OS PREÇOS ESTÃO PELA HORA DA MORTE!

             Foi botar o pé dentro do supermercado e me veio Dona Márcia, uma senhora conhecida de há muito quando ainda existia o Partido Comunista Brasileiro e nós éramos militantes aguerridos, crentes de que fazendo a revolução resolveríamos todos os problemas sociais e viveríamos num país justo, aliás, mais do que um país, viveríamos num mundo de justiça social e paz permanente, pois a revolução é uma causa internacional e comunismo só será viável se implantado no mundo todo.

Aproximou-se com passos confiantes, tomou-me pelo braço e me arrastou para longe dos caixas, pôs as duas sacolas no chão e só então me cumprimentou, como antigamente, chamando-me de camarada e exaltando os trabalhadores que ainda farão a tomada do poder neste país. Qualquer um, disse confiante, qualquer um que fizer compras hoje neste supermercado será um revolucionário em potencial! É preciso ver, camarada! É uma revolta total aí dentro, não há um que esteja satisfeito com os preços, nem mesmo os funcionários, que aliás, nunca foram funcionários, são trabalhadores insatisfeitos com o sistema!

Eu ainda não estava entre os ‘nenhum que estavam insatisfeitos’, com o dinheiro contado, fui às compras. Passei no caixa e paguei aproximadamente o valor que tencionara gastar e saí do supermercado com um pouco mais do a metade das compras que planejei levar para casa. É, os preços estão pela hora da morte!

Dá uma ajuda, moço! Sim, ainda mais se me chamar de moço! Descontei mais alguns produtos das minhas sacolas e segui até o carro levando junto comigo os tempos de mocidade.
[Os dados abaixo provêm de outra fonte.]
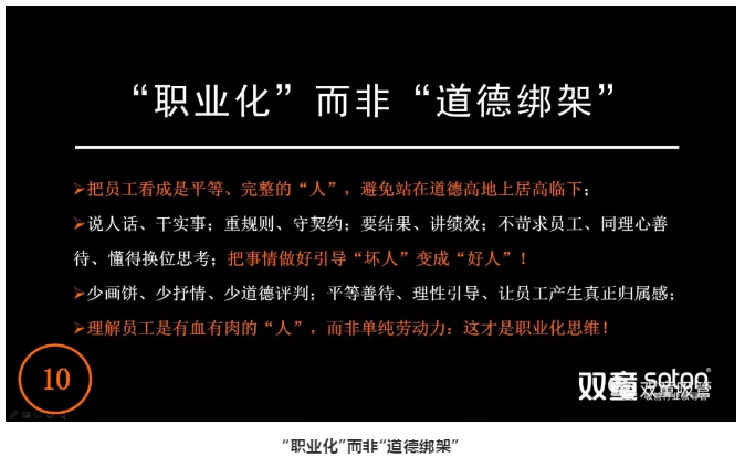 與此同時(shí),我們也要理解員工是有血有肉的“人”,而非單純的勞動(dòng)力,對待員工少“畫(huà)餅”,少抒情,懂得換位思考,不去“道德綁架”員工,讓員工真正產(chǎn)生歸屬感。

Há quase quarenta anos, quando era mesmo moço, os ideais revolucionários sangravam nas veias abertas da América Latina e os indígenas andavam pelas ruas pedindo uma ajuda, quase sempre um pão velho nas portas das casas.

Guardei o que me sobrou de compras no carro, bati a porta fui para o lado do motorista, mas não entrei, as mãos não queriam abrir a porta, então as coloquei sobre o capô e fiquei olhando ao redor, só então percebi o que a camarada insistia em me dizer. O estacionamento estava abarrotado de carros relativamente novos e as pessoas dos carros estavam envelhecidas em reclamações dos preços do supermercado. Reconheci uma voz ao longe que, acompanhada de gestos largos dizia: Camarada, é disso que nos alimentamos!